- _Activity_:
Everything from the line containing "Stride into the" through the line containing "قلت: وتلاحظ من" in the listing below should be copied exactly, and nothing more.

===

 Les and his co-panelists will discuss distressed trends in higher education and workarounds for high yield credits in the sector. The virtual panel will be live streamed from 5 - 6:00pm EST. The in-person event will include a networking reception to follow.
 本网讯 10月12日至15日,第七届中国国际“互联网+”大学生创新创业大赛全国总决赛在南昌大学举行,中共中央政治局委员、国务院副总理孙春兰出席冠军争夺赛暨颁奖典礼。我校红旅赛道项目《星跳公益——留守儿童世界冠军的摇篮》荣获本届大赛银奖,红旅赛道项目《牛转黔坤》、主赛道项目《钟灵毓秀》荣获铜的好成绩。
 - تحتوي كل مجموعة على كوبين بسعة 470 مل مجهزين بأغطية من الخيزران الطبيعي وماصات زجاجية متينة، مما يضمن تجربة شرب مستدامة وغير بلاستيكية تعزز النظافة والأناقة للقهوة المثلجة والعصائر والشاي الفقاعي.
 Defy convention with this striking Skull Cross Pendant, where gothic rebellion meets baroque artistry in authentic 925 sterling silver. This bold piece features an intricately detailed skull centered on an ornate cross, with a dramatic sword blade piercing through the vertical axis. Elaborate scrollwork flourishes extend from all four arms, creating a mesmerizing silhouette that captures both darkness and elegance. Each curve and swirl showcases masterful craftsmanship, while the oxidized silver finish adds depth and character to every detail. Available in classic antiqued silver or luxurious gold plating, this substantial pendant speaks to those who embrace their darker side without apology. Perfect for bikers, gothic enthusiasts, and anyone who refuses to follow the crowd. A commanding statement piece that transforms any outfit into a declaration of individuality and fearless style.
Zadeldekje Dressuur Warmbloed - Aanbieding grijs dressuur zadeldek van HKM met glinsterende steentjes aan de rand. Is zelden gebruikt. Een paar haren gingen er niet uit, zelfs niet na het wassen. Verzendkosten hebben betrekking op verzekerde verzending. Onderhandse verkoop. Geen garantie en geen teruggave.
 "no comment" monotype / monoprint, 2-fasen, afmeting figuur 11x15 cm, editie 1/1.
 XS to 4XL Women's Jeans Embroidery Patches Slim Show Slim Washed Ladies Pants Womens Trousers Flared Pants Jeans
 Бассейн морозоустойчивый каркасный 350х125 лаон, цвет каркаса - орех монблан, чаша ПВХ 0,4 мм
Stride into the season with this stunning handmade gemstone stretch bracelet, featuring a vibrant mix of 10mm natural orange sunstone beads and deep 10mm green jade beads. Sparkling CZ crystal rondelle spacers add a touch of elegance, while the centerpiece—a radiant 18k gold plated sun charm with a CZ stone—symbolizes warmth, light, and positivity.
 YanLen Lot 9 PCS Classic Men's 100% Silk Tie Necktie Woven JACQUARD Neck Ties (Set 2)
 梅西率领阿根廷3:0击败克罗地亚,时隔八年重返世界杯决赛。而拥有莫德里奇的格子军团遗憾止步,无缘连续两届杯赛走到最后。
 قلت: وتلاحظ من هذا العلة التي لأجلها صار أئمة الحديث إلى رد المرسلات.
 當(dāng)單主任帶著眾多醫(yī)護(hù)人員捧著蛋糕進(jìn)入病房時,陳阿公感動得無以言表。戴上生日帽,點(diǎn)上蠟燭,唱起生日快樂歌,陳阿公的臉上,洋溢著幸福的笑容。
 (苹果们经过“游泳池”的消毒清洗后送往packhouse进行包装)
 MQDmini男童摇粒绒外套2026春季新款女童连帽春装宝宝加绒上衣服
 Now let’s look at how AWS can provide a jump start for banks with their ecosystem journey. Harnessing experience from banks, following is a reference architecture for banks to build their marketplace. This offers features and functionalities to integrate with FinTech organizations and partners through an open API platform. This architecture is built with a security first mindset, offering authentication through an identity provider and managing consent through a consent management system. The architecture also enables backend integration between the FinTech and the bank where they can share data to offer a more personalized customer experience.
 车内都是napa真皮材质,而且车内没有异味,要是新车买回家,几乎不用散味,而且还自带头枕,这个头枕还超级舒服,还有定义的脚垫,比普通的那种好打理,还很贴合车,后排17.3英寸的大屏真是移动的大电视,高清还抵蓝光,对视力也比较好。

===

- _Response below_:
Stride into the season with this stunning handmade gemstone stretch bracelet, featuring a vibrant mix of 10mm natural orange sunstone beads and deep 10mm green jade beads. Sparkling CZ crystal rondelle spacers add a touch of elegance, while the centerpiece—a radiant 18k gold plated sun charm with a CZ stone—symbolizes warmth, light, and positivity.
 YanLen Lot 9 PCS Classic Men's 100% Silk Tie Necktie Woven JACQUARD Neck Ties (Set 2)
 梅西率领阿根廷3:0击败克罗地亚,时隔八年重返世界杯决赛。而拥有莫德里奇的格子军团遗憾止步,无缘连续两届杯赛走到最后。
 قلت: وتلاحظ من هذا العلة التي لأجلها صار أئمة الحديث إلى رد المرسلات.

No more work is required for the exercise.